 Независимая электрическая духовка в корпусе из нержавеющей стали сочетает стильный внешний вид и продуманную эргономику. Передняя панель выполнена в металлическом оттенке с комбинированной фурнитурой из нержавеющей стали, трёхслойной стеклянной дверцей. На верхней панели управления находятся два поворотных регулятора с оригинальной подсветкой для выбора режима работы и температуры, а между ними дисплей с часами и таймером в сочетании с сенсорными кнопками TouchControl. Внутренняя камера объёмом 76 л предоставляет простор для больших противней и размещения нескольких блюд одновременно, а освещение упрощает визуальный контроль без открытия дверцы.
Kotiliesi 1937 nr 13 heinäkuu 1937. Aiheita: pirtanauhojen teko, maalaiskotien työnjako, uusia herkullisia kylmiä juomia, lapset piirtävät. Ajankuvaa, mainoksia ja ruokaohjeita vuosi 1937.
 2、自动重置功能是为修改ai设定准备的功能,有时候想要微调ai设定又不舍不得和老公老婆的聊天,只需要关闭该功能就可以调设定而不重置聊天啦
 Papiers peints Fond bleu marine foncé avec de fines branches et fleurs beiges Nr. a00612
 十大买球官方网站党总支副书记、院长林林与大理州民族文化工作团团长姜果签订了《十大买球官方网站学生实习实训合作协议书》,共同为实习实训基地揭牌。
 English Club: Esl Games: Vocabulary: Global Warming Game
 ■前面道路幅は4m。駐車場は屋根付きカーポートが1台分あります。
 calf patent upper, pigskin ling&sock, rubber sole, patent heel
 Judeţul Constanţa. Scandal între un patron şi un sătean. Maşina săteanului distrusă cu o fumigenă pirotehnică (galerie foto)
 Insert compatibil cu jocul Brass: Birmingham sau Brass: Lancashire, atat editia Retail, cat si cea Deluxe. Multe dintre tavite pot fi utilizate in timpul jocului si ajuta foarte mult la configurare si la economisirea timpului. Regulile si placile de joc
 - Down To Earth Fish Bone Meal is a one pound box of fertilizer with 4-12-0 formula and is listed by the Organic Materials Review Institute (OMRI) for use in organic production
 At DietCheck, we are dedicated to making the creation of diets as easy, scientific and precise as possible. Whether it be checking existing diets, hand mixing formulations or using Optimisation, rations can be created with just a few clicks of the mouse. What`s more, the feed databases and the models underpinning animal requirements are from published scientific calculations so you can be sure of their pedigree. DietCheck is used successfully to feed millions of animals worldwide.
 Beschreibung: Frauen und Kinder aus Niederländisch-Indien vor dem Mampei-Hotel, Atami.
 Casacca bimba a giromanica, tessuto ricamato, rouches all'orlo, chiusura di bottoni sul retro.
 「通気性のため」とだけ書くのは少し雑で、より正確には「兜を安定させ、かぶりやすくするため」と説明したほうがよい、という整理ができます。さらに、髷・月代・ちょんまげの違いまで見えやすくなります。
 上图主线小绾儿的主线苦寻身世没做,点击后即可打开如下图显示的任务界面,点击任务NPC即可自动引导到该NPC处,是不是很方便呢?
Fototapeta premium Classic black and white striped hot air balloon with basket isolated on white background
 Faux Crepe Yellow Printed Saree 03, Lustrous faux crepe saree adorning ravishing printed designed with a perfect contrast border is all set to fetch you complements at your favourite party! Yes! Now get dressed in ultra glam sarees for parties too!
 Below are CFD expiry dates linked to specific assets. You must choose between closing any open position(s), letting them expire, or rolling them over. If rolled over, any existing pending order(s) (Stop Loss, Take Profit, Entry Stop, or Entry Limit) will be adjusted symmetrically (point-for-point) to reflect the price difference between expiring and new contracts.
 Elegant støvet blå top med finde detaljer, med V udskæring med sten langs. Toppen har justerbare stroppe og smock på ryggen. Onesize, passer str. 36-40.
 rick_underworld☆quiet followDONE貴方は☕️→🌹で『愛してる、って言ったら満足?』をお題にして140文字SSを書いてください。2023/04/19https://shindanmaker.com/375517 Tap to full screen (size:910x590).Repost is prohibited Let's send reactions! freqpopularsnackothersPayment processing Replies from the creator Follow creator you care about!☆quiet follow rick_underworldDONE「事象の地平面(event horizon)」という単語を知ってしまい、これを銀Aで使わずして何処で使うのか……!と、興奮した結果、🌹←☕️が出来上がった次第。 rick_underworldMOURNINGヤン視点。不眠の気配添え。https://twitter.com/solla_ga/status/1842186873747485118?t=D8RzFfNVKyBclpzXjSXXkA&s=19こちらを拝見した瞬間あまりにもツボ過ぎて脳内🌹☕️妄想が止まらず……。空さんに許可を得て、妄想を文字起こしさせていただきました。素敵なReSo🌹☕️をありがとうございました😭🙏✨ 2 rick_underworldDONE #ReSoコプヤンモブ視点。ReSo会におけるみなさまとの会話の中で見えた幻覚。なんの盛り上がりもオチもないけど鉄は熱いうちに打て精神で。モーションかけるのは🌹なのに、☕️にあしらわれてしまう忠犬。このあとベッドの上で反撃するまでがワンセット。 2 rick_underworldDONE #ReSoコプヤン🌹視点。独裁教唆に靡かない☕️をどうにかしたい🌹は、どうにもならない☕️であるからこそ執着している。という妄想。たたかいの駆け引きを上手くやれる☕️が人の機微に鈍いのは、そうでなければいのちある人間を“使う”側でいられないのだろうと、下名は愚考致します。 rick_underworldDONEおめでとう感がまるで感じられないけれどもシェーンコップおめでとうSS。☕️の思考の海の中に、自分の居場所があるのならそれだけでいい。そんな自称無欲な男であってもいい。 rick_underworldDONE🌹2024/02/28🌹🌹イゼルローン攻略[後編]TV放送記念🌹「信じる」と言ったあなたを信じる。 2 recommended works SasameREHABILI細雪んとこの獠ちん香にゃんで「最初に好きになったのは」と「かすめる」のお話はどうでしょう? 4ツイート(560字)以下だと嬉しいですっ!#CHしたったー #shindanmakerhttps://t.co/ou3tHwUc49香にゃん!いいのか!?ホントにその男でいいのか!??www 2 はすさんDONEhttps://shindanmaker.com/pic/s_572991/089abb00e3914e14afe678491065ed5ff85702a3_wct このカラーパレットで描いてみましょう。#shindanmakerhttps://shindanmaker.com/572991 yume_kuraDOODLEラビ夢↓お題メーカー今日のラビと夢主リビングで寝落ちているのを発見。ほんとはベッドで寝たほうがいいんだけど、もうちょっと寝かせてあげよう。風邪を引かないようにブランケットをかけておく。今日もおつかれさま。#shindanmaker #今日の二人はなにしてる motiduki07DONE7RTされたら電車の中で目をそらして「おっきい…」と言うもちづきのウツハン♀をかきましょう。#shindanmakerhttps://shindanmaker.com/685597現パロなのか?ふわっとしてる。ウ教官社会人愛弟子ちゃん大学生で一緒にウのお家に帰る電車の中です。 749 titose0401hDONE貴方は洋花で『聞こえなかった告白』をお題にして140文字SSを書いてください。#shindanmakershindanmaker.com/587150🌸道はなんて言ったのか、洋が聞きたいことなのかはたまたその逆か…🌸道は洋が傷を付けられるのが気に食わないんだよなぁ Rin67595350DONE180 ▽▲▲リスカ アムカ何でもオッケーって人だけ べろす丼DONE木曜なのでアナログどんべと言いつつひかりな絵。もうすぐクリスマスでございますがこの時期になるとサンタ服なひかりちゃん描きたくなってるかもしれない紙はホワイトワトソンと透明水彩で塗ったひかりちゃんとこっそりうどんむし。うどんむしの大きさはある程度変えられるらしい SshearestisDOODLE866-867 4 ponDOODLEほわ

● **Aim of the exercise**:
Retype all the material exactly as shown.

● **Solution to this task**:
 Независимая электрическая духовка в корпусе из нержавеющей стали сочетает стильный внешний вид и продуманную эргономику. Передняя панель выполнена в металлическом оттенке с комбинированной фурнитурой из нержавеющей стали, трёхслойной стеклянной дверцей. На верхней панели управления находятся два поворотных регулятора с оригинальной подсветкой для выбора режима работы и температуры, а между ними дисплей с часами и таймером в сочетании с сенсорными кнопками TouchControl. Внутренняя камера объёмом 76 л предоставляет простор для больших противней и размещения нескольких блюд одновременно, а освещение упрощает визуальный контроль без открытия дверцы.
Kotiliesi 1937 nr 13 heinäkuu 1937. Aiheita: pirtanauhojen teko, maalaiskotien työnjako, uusia herkullisia kylmiä juomia, lapset piirtävät. Ajankuvaa, mainoksia ja ruokaohjeita vuosi 1937.
 2、自动重置功能是为修改ai设定准备的功能,有时候想要微调ai设定又不舍不得和老公老婆的聊天,只需要关闭该功能就可以调设定而不重置聊天啦
 Papiers peints Fond bleu marine foncé avec de fines branches et fleurs beiges Nr. a00612
 十大买球官方网站党总支副书记、院长林林与大理州民族文化工作团团长姜果签订了《十大买球官方网站学生实习实训合作协议书》,共同为实习实训基地揭牌。
 English Club: Esl Games: Vocabulary: Global Warming Game
 ■前面道路幅は4m。駐車場は屋根付きカーポートが1台分あります。
 calf patent upper, pigskin ling&sock, rubber sole, patent heel
 Judeţul Constanţa. Scandal între un patron şi un sătean. Maşina săteanului distrusă cu o fumigenă pirotehnică (galerie foto)
 Insert compatibil cu jocul Brass: Birmingham sau Brass: Lancashire, atat editia Retail, cat si cea Deluxe. Multe dintre tavite pot fi utilizate in timpul jocului si ajuta foarte mult la configurare si la economisirea timpului. Regulile si placile de joc
 - Down To Earth Fish Bone Meal is a one pound box of fertilizer with 4-12-0 formula and is listed by the Organic Materials Review Institute (OMRI) for use in organic production
 At DietCheck, we are dedicated to making the creation of diets as easy, scientific and precise as possible. Whether it be checking existing diets, hand mixing formulations or using Optimisation, rations can be created with just a few clicks of the mouse. What`s more, the feed databases and the models underpinning animal requirements are from published scientific calculations so you can be sure of their pedigree. DietCheck is used successfully to feed millions of animals worldwide.
 Beschreibung: Frauen und Kinder aus Niederländisch-Indien vor dem Mampei-Hotel, Atami.
 Casacca bimba a giromanica, tessuto ricamato, rouches all'orlo, chiusura di bottoni sul retro.
 「通気性のため」とだけ書くのは少し雑で、より正確には「兜を安定させ、かぶりやすくするため」と説明したほうがよい、という整理ができます。さらに、髷・月代・ちょんまげの違いまで見えやすくなります。
 上图主线小绾儿的主线苦寻身世没做,点击后即可打开如下图显示的任务界面,点击任务NPC即可自动引导到该NPC处,是不是很方便呢?
Fototapeta premium Classic black and white striped hot air balloon with basket isolated on white background
 Faux Crepe Yellow Printed Saree 03, Lustrous faux crepe saree adorning ravishing printed designed with a perfect contrast border is all set to fetch you complements at your favourite party! Yes! Now get dressed in ultra glam sarees for parties too!
 Below are CFD expiry dates linked to specific assets. You must choose between closing any open position(s), letting them expire, or rolling them over. If rolled over, any existing pending order(s) (Stop Loss, Take Profit, Entry Stop, or Entry Limit) will be adjusted symmetrically (point-for-point) to reflect the price difference between expiring and new contracts.
 Elegant støvet blå top med finde detaljer, med V udskæring med sten langs. Toppen har justerbare stroppe og smock på ryggen. Onesize, passer str. 36-40.
 rick_underworld☆quiet followDONE貴方は☕️→🌹で『愛してる、って言ったら満足?』をお題にして140文字SSを書いてください。2023/04/19https://shindanmaker.com/375517 Tap to full screen (size:910x590).Repost is prohibited Let's send reactions! freqpopularsnackothersPayment processing Replies from the creator Follow creator you care about!☆quiet follow rick_underworldDONE「事象の地平面(event horizon)」という単語を知ってしまい、これを銀Aで使わずして何処で使うのか……!と、興奮した結果、🌹←☕️が出来上がった次第。 rick_underworldMOURNINGヤン視点。不眠の気配添え。https://twitter.com/solla_ga/status/1842186873747485118?t=D8RzFfNVKyBclpzXjSXXkA&s=19こちらを拝見した瞬間あまりにもツボ過ぎて脳内🌹☕️妄想が止まらず……。空さんに許可を得て、妄想を文字起こしさせていただきました。素敵なReSo🌹☕️をありがとうございました😭🙏✨ 2 rick_underworldDONE #ReSoコプヤンモブ視点。ReSo会におけるみなさまとの会話の中で見えた幻覚。なんの盛り上がりもオチもないけど鉄は熱いうちに打て精神で。モーションかけるのは🌹なのに、☕️にあしらわれてしまう忠犬。このあとベッドの上で反撃するまでがワンセット。 2 rick_underworldDONE #ReSoコプヤン🌹視点。独裁教唆に靡かない☕️をどうにかしたい🌹は、どうにもならない☕️であるからこそ執着している。という妄想。たたかいの駆け引きを上手くやれる☕️が人の機微に鈍いのは、そうでなければいのちある人間を“使う”側でいられないのだろうと、下名は愚考致します。 rick_underworldDONEおめでとう感がまるで感じられないけれどもシェーンコップおめでとうSS。☕️の思考の海の中に、自分の居場所があるのならそれだけでいい。そんな自称無欲な男であってもいい。 rick_underworldDONE🌹2024/02/28🌹🌹イゼルローン攻略[後編]TV放送記念🌹「信じる」と言ったあなたを信じる。 2 recommended works SasameREHABILI細雪んとこの獠ちん香にゃんで「最初に好きになったのは」と「かすめる」のお話はどうでしょう? 4ツイート(560字)以下だと嬉しいですっ!#CHしたったー #shindanmakerhttps://t.co/ou3tHwUc49香にゃん!いいのか!?ホントにその男でいいのか!??www 2 はすさんDONEhttps://shindanmaker.com/pic/s_572991/089abb00e3914e14afe678491065ed5ff85702a3_wct このカラーパレットで描いてみましょう。#shindanmakerhttps://shindanmaker.com/572991 yume_kuraDOODLEラビ夢↓お題メーカー今日のラビと夢主リビングで寝落ちているのを発見。ほんとはベッドで寝たほうがいいんだけど、もうちょっと寝かせてあげよう。風邪を引かないようにブランケットをかけておく。今日もおつかれさま。#shindanmaker #今日の二人はなにしてる motiduki07DONE7RTされたら電車の中で目をそらして「おっきい…」と言うもちづきのウツハン♀をかきましょう。#shindanmakerhttps://shindanmaker.com/685597現パロなのか?ふわっとしてる。ウ教官社会人愛弟子ちゃん大学生で一緒にウのお家に帰る電車の中です。 749 titose0401hDONE貴方は洋花で『聞こえなかった告白』をお題にして140文字SSを書いてください。#shindanmakershindanmaker.com/587150🌸道はなんて言ったのか、洋が聞きたいことなのかはたまたその逆か…🌸道は洋が傷を付けられるのが気に食わないんだよなぁ Rin67595350DONE180 ▽▲▲リスカ アムカ何でもオッケーって人だけ べろす丼DONE木曜なのでアナログどんべと言いつつひかりな絵。もうすぐクリスマスでございますがこの時期になるとサンタ服なひかりちゃん描きたくなってるかもしれない紙はホワイトワトソンと透明水彩で塗ったひかりちゃんとこっそりうどんむし。うどんむしの大きさはある程度変えられるらしい SshearestisDOODLE866-867 4 ponDOODLEほわ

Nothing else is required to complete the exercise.